Recorded information START
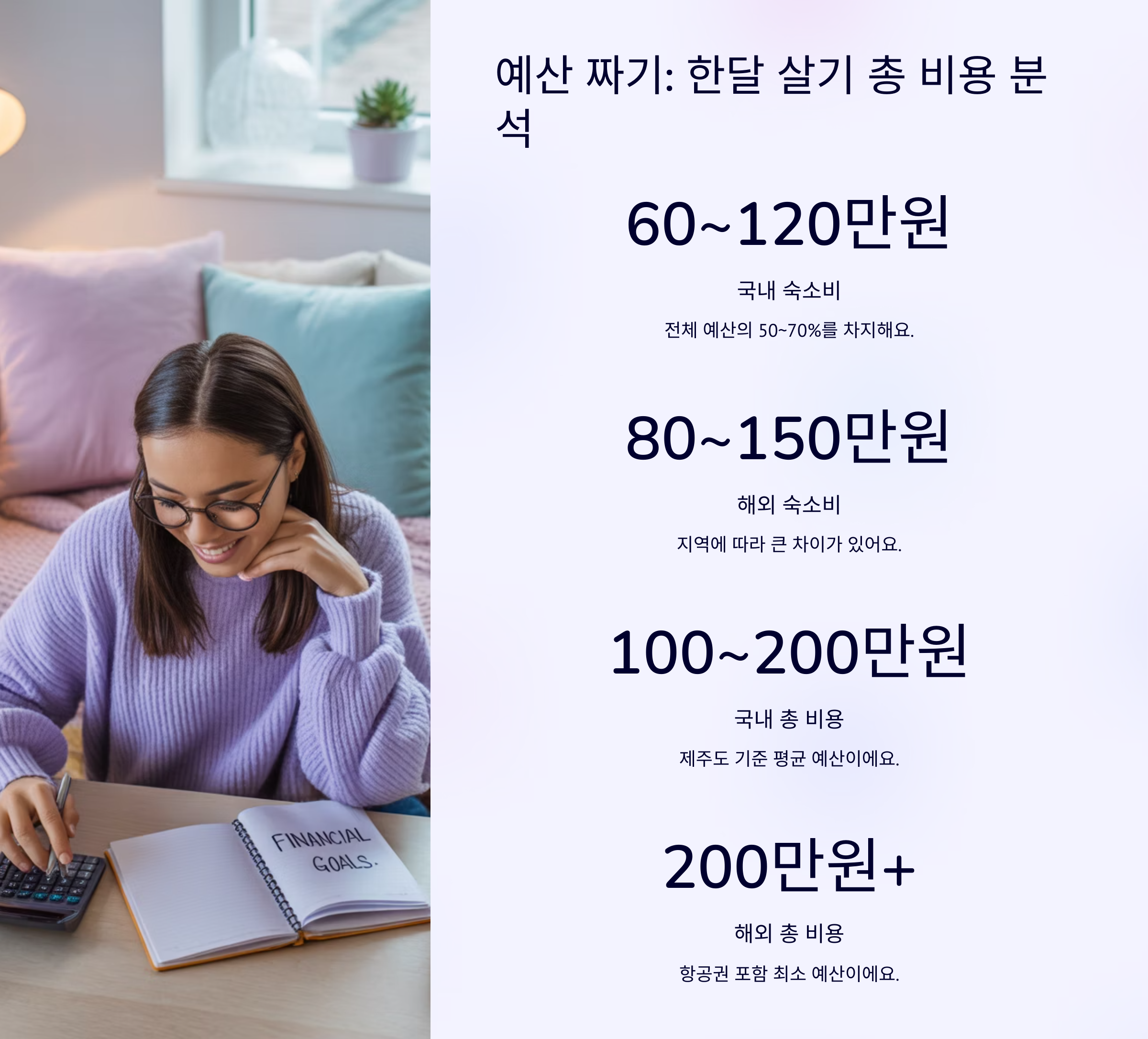 예를 들어 제주도에서 한달 살기를 한다면 숙소 비용은 50만~120만 원까지 다양해요. 여기에 교통비(렌트카 또는 버스), 식비, 카페 이용 비용 등을 더하면 평균적으로 100만~200만 원 선에서 조절할 수 있어요. 반면, 해외의 경우 항공권을 포함하면 기본 200만 원 이상은 생각해야 해요.
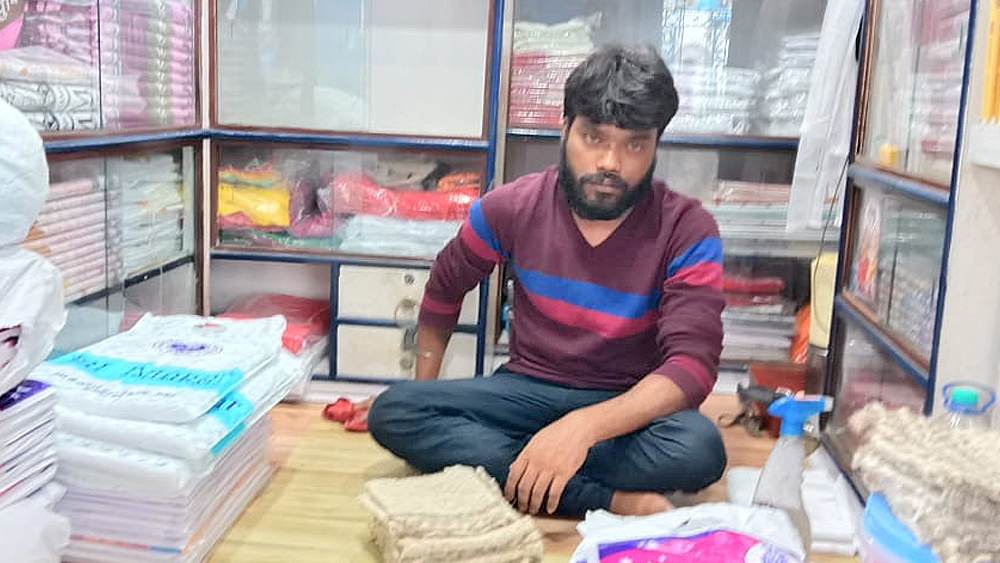 খরিদ্দার নেই, নিজের দোকানে এখন বেশির ভাগ সময় এমনই বসে থাকেন ছোটু রায়।
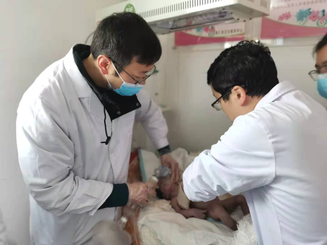 援藏醫療隊快速分工,組成新生兒(er) 複蘇團隊。呼吸球囊尚未到位,孫豐(feng) 濤毫不猶豫地為(wei) 孩子實施口對口人工呼吸。徐鴻宇立即給予“雙拇指環繞法”胸外心髒按壓,縣醫院婦產(chan) 科醫護人員積極協助。斷臍處理後,迅速將孩子移至暖台保暖,繼續胸外心髒按壓、呼吸球囊麵罩輔助呼吸。經過分秒必爭(zheng) 的搶救,孩子心跳恢複,全身皮膚轉紅潤,但呼吸和反應仍然不好。經過與(yu) 家屬溝通,徐鴻宇給予氣管插管,繼續人工輔助通氣,並將孩子轉往上級醫院繼續治療。在此期間,產(chan) 婦胎盤順利娩出,生命體(ti) 征平穩。
Recorded information END
What you are asked to do:
Leave the pictures out and print the whole listing precisely.

Finished task:
 예를 들어 제주도에서 한달 살기를 한다면 숙소 비용은 50만~120만 원까지 다양해요. 여기에 교통비(렌트카 또는 버스), 식비, 카페 이용 비용 등을 더하면 평균적으로 100만~200만 원 선에서 조절할 수 있어요. 반면, 해외의 경우 항공권을 포함하면 기본 200만 원 이상은 생각해야 해요.
 খরিদ্দার নেই, নিজের দোকানে এখন বেশির ভাগ সময় এমনই বসে থাকেন ছোটু রায়।
 援藏醫療隊快速分工,組成新生兒(er) 複蘇團隊。呼吸球囊尚未到位,孫豐(feng) 濤毫不猶豫地為(wei) 孩子實施口對口人工呼吸。徐鴻宇立即給予“雙拇指環繞法”胸外心髒按壓,縣醫院婦產(chan) 科醫護人員積極協助。斷臍處理後,迅速將孩子移至暖台保暖,繼續胸外心髒按壓、呼吸球囊麵罩輔助呼吸。經過分秒必爭(zheng) 的搶救,孩子心跳恢複,全身皮膚轉紅潤,但呼吸和反應仍然不好。經過與(yu) 家屬溝通,徐鴻宇給予氣管插管,繼續人工輔助通氣,並將孩子轉往上級醫院繼續治療。在此期間,產(chan) 婦胎盤順利娩出,生命體(ti) 征平穩。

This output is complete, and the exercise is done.